From § 8.1, we have \begin{equation} \Sp(4,\RR) = \{ M\in\RR^{4\times 4} : M\Omega M^T = \Omega \} \end{equation} where \begin{equation} \Omega = \begin{pmatrix} 0 & 0 & 1 & 0 \\ 0 & 0 & 0 & 1 \\ -1 & 0 & 0 & 0 \\ 0 & -1 & 0 & 0 \end{pmatrix} \end{equation}

Consider now the antisymmetric matrix \begin{equation} P = \begin{pmatrix} 0 & p+q & -x & t+z \\ -p-q & 0 & z-t & x \\ x & t-z & 0 & p-q \\ -t-z & -x & q-p & 0 \end{pmatrix} \end{equation} and note that \begin{equation} P^T\Omega P = P\Omega P^T = |P|^2\Omega \end{equation} where \begin{equation} |P|^2 = -t^2+x^2+z^2+p^2-q^2 \end{equation} (and is also the square root of $\det P$). We claim that $M\in\Sp(4,\RR)$ acts on $P$ via \begin{equation} P \longmapsto M^T P M \label{symtran2} \end{equation} that is, we claim that $M^T P M$ is a matrix of the same form as $P$. What form is that? $P$ is clearly antisymmetric, and the transformation (\ref{symtran2}) clearly takes antisymmetric matrices to antisymmetric matrices, since \begin{equation} (M^T P M)^T = M^T P^T M = - M^T P M \end{equation} However, antisymmetric matrices in 4 (real) dimensions contain six independent components, and we only have five. Which degree of freedom are we missing? That's easy: $P$ does not contain a multiple of $\Omega$ itself. But that's fine, since (\ref{symtran2}) takes $\Omega$ to itself, so if there's no $\Omega$ “component” to start with, then there won't be one afterward.

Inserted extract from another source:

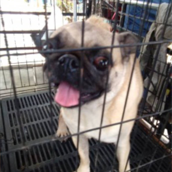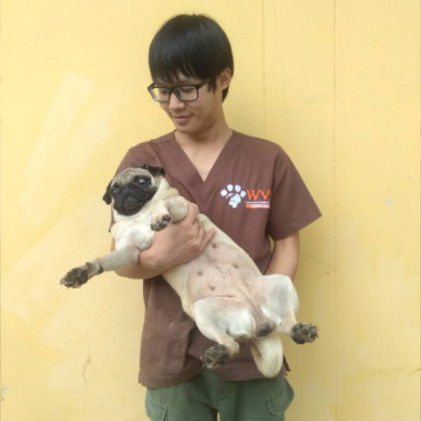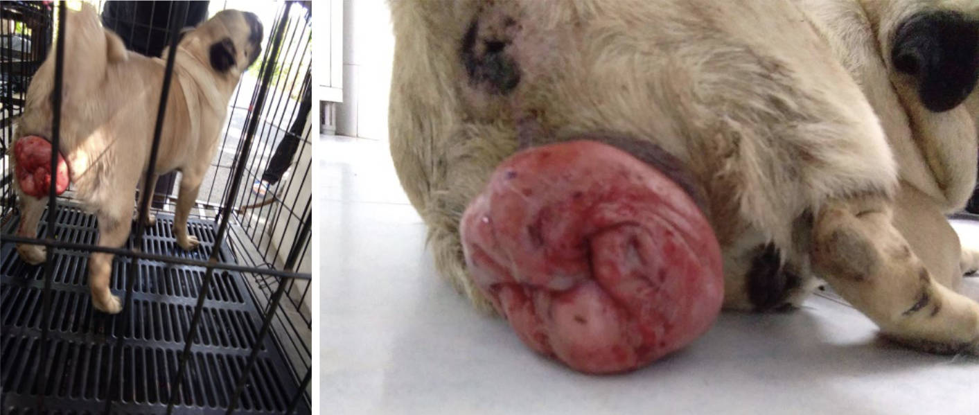 Leah, a female pug, was found at a local temple near Chiang Mai, Thailand (suspected to have been disowned). A local lady, who regularly feeds the temple dogs, noticed that something was "hanging out" of her vulva, and so she brought her to our 'WVS Thailand Rescue Centre' for treatment.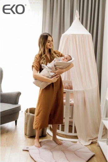 Creați-i micuțului un mediu primitor și sigur. Baldachinul din muselină în culoarea Rose Pink este ușor, aerat și lasă să treacă frumos lumina difuză. Îndulcește lumina naturală și artificială și ajută la reducerea stimulilor vizuali, pentru ca bebelușul să se liniștească și să adoarmă mai ușor.

So what does the transformation (\ref{symtran2}) do? We have \begin{align} (M^T P M) \Omega (M^T P M)^T &= M^T P (M\Omega M^T) P^T M \nonumber\\ &= M^T (P \Omega P^T) M = M^T |P|^2 \Omega M \nonumber\\ &= |P|^2 \Omega \end{align} since $|P|^2$ is a real number, and therefore commutes with $M^T$. But $|P|^2$ is just the norm on $\RR^5$ with signature $(3,2)$, which is thus preserved by $\Sp(4,\RR)$. Since both $\Sp(4,\RR)$ and $\SO(3,2)$ are 10-dimensional, we have shown that \begin{equation} \Sp(4,\RR) \cong \Spin(3,2) \end{equation} where $\Spin(3,2)$ is of course the double cover of $\SO(3,2)$.